I hear ya there. After shooting the XD for a couple years, the DA/SA of the Sig too a bit of adjustment. I just kept shooting DA, decocking, shooting again, decocking, over and over until I finally got the hang of the DA. The SA with the SRT took no getting used to at all. :smt033


----------



## Crux (May 14, 2009)

SaltyDog said:


> Nice shooting Crux - You must be a good shot because those look like my scores at the range and I know I'm a good shot! :smt082


Hehe. Admittedly they were among my better groups. I had a couple of DA-only groups that weren't really groups. They were more like random spots. Like a retarded monkey playing darts. But it got better!


----------



## DevilsJohnson (Oct 21, 2007)

Ah, after a while you'll be spot on with that new friend of yours. You know what you're doing wrong then youu'll know what you need to do to fix it. Practice, practice then practice some more. Snap caps come in handy for situations like this:smt023


----------



## MauiWowie22 (Jun 19, 2009)




----------



## Cybertoad (Jul 11, 2009)

*Me Too*

Hey guys:
New here.
I have other rifles and a shots guns but decided after years of not having a handgun to take and offer form a guy.

He offered me his Sig Sauer P229 - 40 two clips, the factory case and lock along with 50 rounds FMJ 
and a side clip holster. I traded a Lowes/homedepot style 5x8 trailer for it.
Was sitting in my yard gathering dust went on craigs list to sell it and this guy offered me his SIGGY.
Its in near mint condition.
I am trying to figure which P229 it is though because it has no rail, but is shaped exactly like the one with a rail straight on the bottom like the guy posted here ( pS Congrats )

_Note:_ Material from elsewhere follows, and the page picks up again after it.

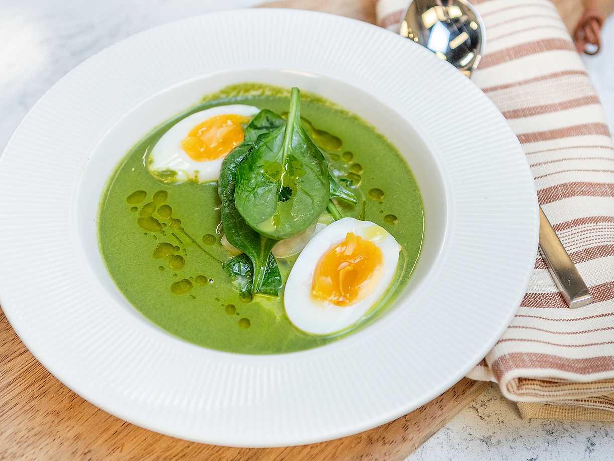 Spenatsoppa med perfekta ägghalvor

Well there has never been a way in the past to afford a Sig for me especially such a nice gun.
I have nice rifles and now am looking at getting a Sig Sauer rifle Oh Oh I am hooked.

Wanted to say hello and what better place where a guy just like me started his first hand gun.
I have had handguns though just not for over 15 years.tumbleweed

PS can some one clue me in on how to know if this is a dak or not ?
I looked on line and no clear info on what is what and what it does etc.


----------



## Todd (Jul 3, 2006)

Cybertoad said:


> Hey guys:
> New here.
> I have other rifles and a shots guns but decided after years of not having a handgun to take and offer form a guy.
> 
> ...


First, welcome to the forum!

If you haven't already done so, please take a few minutes to familiarize yourself with the Forum Guidelines

No rail? Sounds to me like you have an SAS. If you have pictures, we'd be able to give you a more educated guess.

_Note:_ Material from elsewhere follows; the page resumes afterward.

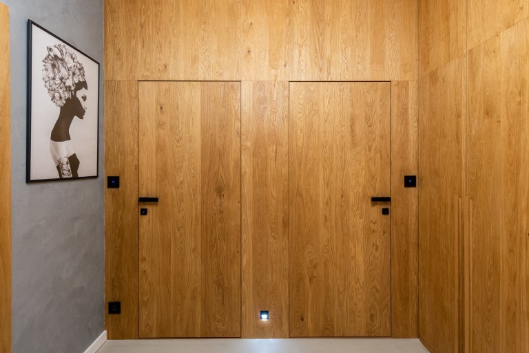 Hlavním spojovacím prvkem interiéru je kartáčovaný dub. Rozhodli jsme se pro značku Admonter, která má na výběr velké množství deskovin o různých tloušťkách. Je tedy možné použít stejný dekor na dveře šatní skříně ale i na zakázku vyráběné dveře, které jsou skryté ve stěně.

The regular SAS is Sig's DAK (their version of DAO) and should have a bobbed hammer that you cannot cock with your thumb. Also rack the slide (empty gun of course). If the hammer stays cocked, it's not a DAK.


----------



## Cybertoad (Jul 11, 2009)

hmm trying to post pics.
This is it. can you tell by looking at it if its a dak,
just got it last night lol so still having fun learning about it
couldn't pass up the deal.









http://farm4.static.flickr.com/3510/3710399998_5cdf938f77.jpg


----------



## Todd (Jul 3, 2006)

_Looks_ like my baby, the SAS Gen 2. _Definitely_ not a DAK, it's DA/SA.


----------



## Cybertoad (Jul 11, 2009)

Hi Todd, 
Cool.
Thank you, so what can you tell me if anything about this gun if you have time.

And I am guessing I made a good deal for it ?


----------



## Cybertoad (Jul 11, 2009)

PS It doesnt say SAS on it through.


----------



## Todd (Jul 3, 2006)

I think it's time for more pictures. Closer and definitely some of the markings on the slide should help one of us give a qiuck ID. Any idea of the age of the gun?


----------



## Cybertoad (Jul 11, 2009)

Hi Todd I didnt want to hijack this guys posts so I 
reposted it in anew thread. Still not 100% sure. I have real good camera should be able to get some nice shots. But I will post it there.


----------